This is the fifth post in the «AI without magic» series. The first one covered where LLMs even came from. The second — how a model «thinks» one token at a time and why it hallucinates. The third — how text turns into vectors. The fourth — how tokens talk to each other through attention. Now we put it all together and look at the full transformer block — the brick GPT is built from.
Where we left off
In the previous post we worked through attention. The output of every token is an updated vector that has absorbed context. «mole» in «shrew mole» now sits closer to the small mammal, while in «one mole of CO2» it sits closer to the chemistry concept. Good.

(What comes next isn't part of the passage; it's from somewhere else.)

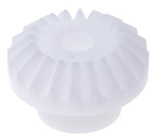 Delrin Miter Gears. Odlewane kopolimerowe przekładnie zębate układu acetal, zapewniające przełożenie skrzyni biegów 1:1. Wytrzymałość na rozciąganie 94N/mm ;sup> 2 ;/sup> Twardość (Rockwell R) 110-120 Kąt nachylenia 45°, kąt nacisku 49° 48' Liczba zębów 20

But attention is only half a block. The block has four more parts without which a transformer doesn’t work: FFN, residual connection, normalization, and — the most important one — there are many blocks. Dozens or hundreds. GPT-3 has 96.
In this post we assemble the full block, stack them into a tower, and watch how a token’s vector rolls through the stack from embedding to next-word prediction.
FFN: what each token does on its own
Attention is an operation between tokens. Every token looks at the others, gathers a weighted mix of their value vectors, and writes the result back to itself. But if you think about it, attention is essentially a linear operation: all it does is weighted summation. There’s almost no nonlinearity (just softmax inside the weights).
For a model to actually compute things — to derive that «glass» implies «fragile», that «Moscow» is the capital of Russia, that after «sin(0) =» should come «0» — you need nonlinear transforms. That’s what the next part of the block, the feed-forward network (FFN, sometimes called MLP), provides.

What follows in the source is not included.